We near the end of the debate. It was very clear why we called for this debate and why the Government did not. The Secretary of State for Social Services was foolish enough to say that he was showing courage and leadership. I have news for him, because what most people say is that he is not showing leadership. I ask him to exercise his mind on this matter. It appears to us that he is surrounded by far too many Press officials. He thinks that paper is a substitute for action. I once called him the Nero of the National Health Service, but the difference between the right hon. Gentleman and Nero is that at least Nero knew that Rome was burning, whereas our present Secretary of State for Social Services has no idea at all what is happening in the Service that is under his care.

9.31 p.m.

I am grateful for the courtesy which the hon. Member for Reading, South (Dr. Vaughan) exercised in allowing me to speak for a full half hour. We have had an interesting debate, and a large number of points have to be answered as a result of the short speeches which the Chair urged upon the House—a request which has been so well followed by hon. Members.

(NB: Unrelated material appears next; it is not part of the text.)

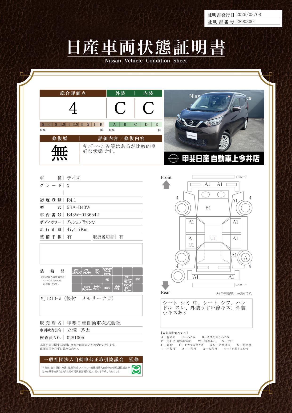 日産車両状態証明
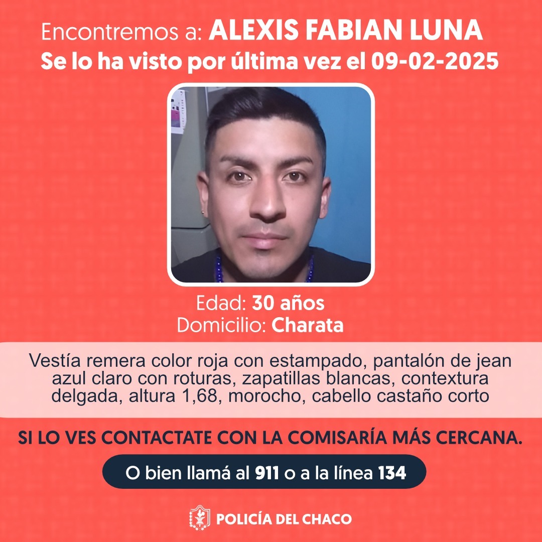 La Policía del Chaco en base a una denuncia registrada en División Violencia Familiar Y De Genero Interior Charata, solicita a la comunidad su valiosa colaboración de informar a la unidad policial más cercana cualquier información relacionada al paradero de ALEXIS FABIAN LUNA, de 30 años, de 1,68 metros de altura, de contextura física delgada, tez morocho, cabello , ojos color ,usando la siguiente vestimenta y/o efectos personales: vestía remera color roja con un estampado, pantalon de jean azul claro con roturas y zapatillas blanca Se le ha visto por última vez en Charata en fecha 09/02/2025.

I only wish that the hon. Gentleman had taken the opportunity to make a constructive contribution to the debate. I thought that it was a disappointing concluding speech by the Opposition spokesman. The Conservative Party at least pretends to be one of the major national parties and to make a contribution to national policy. However, what we heard from the hon. Gentleman was nothing more than a long jeremiad based on anecdotal evidence. Everybody knows that one can construct any case one likes on the basis of such evidence.

There are 1 million employees in the National Health Service, and the hon. Gentleman in seeking to build up his case must have quoted at least 13 malcontents from different parts of the country. I repeat that it was a disappointing contribution to what has been—for all the inconsistencies of the right hon. Member for Wanstead and Woodford (Mr. Jenkin)—a debate about national policies and principles, however inadequately they might sometimes have been developed.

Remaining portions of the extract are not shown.